A hybrid fuzzy logic-Random Forest model to predict psychiatric treatment order outcomes: an interpretable tool for legal decision support.

作者信息

Hudon Alexandre

机构信息

Centre de recherche de l'Institut universitaire en santé mentale de Montréal, Montreal, QC, Canada.

Department of Psychiatry, Institut universitaire en santé mentale de Montréal, Montreal, QC, Canada.

出版信息

Front Artif Intell. 2025 Jun 17;8:1606250. doi: 10.3389/frai.2025.1606250. eCollection 2025.

DOI:10.3389/frai.2025.1606250
PMID:40599209
原文链接:https://pmc.ncbi.nlm.nih.gov/articles/PMC12209287/
Abstract

BACKGROUND

Decisions surrounding involuntary psychiatric treatment orders often involve complex clinical, legal, and ethical considerations, especially when patients lack decisional capacity and refuse treatment. In Quebec, these orders are issued by the Superior Court based on a combination of medical, legal, and behavioral evidence. However, no transparent, evidence-informed predictive tools currently exist to estimate the likelihood of full treatment order acceptance. This study aims to develop and evaluate a hybrid fuzzy logic-machine learning model to predict such outcomes and identify important influencing factors.

METHODS

A retrospective dataset of 176 Superior Court judgments rendered in Quebec in 2024 was curated from SOQUIJ, encompassing demographic, clinical, and legal variables. A Mamdani-type fuzzy inference system was constructed to simulate expert decision logic and output a continuous likelihood score. This score, along with structured features, was used to train a Random Forest classifier. Model performance was evaluated using accuracy, precision, recall and F1 score. A 10-fold stratified cross-validation was employed for internal validation. Feature importance was also computed to assess the influence of each variable on the prediction outcome.

RESULTS

The hybrid model achieved an accuracy of 98.1%, precision of 93.3%, recall of 100%, and a F1 score of 96.6. The most influential predictors were the duration of time granted by the court, duration requested by the clinical team, and age of the defendant. Fuzzy logic features such as severity, compliance, and a composite Burden_Score also significantly contributed to prediction accuracy. Only one misclassified case was observed in the test set, and the system provided interpretable decision logic consistent with expert reasoning.

CONCLUSION

This exploratory study offers a novel approach for decision support in forensic psychiatric contexts.
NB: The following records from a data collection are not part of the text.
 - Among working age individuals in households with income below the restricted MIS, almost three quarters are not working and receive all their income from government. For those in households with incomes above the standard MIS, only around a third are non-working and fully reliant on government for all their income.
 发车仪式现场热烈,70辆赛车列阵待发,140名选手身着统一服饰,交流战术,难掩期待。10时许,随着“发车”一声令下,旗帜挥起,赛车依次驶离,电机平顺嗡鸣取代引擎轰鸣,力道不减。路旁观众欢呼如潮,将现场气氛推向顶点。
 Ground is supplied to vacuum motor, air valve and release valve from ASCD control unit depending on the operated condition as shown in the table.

Future work should aim to validate the model across other jurisdictions, incorporate more advanced natural language processing for semantic feature extraction, and explore dynamic rule optimization techniques. These enhancements would further improve generalizability, fairness, and practical utility in real-world clinical and legal settings.

摘要

背景

围绕非自愿精神科治疗令的决策通常涉及复杂的临床、法律和伦理考量,尤其是当患者缺乏决策能力并拒绝治疗时。在魁北克,这些命令由高等法院根据医学、法律和行为证据综合发布。然而,目前尚无透明的、基于证据的预测工具来估计全面治疗令被接受的可能性。本研究旨在开发和评估一种混合模糊逻辑 - 机器学习模型,以预测此类结果并识别重要影响因素。

方法

从SOQUIJ整理了2024年在魁北克高等法院作出的176项判决的回顾性数据集,涵盖人口统计学、临床和法律变量。构建了一个Mamdani型模糊推理系统,以模拟专家决策逻辑并输出连续的可能性得分。该得分与结构化特征一起用于训练随机森林分类器。使用准确率、精确率、召回率和F1分数评估模型性能。采用10折分层交叉验证进行内部验证。还计算了特征重要性,以评估每个变量对预测结果的影响。

结果

混合模型的准确率达到98.1%,精确率为93.3%,召回率为100%,F1分数为96.6。最具影响力的预测因素是法院批准的时间长度、临床团队请求的时间长度以及被告的年龄。诸如严重程度、依从性和综合负担评分等模糊逻辑特征也对预测准确性有显著贡献。在测试集中仅观察到一个误分类案例,并且该系统提供了与专家推理一致的可解释决策逻辑。

结论

这项探索性研究为法医精神病学背景下的决策支持提供了一种新方法。未来的工作应旨在跨其他司法管辖区验证该模型,纳入更先进的自然语言处理以进行语义特征提取,并探索动态规则优化技术。这些改进将进一步提高在实际临床和法律环境中的通用性、公平性和实用价值。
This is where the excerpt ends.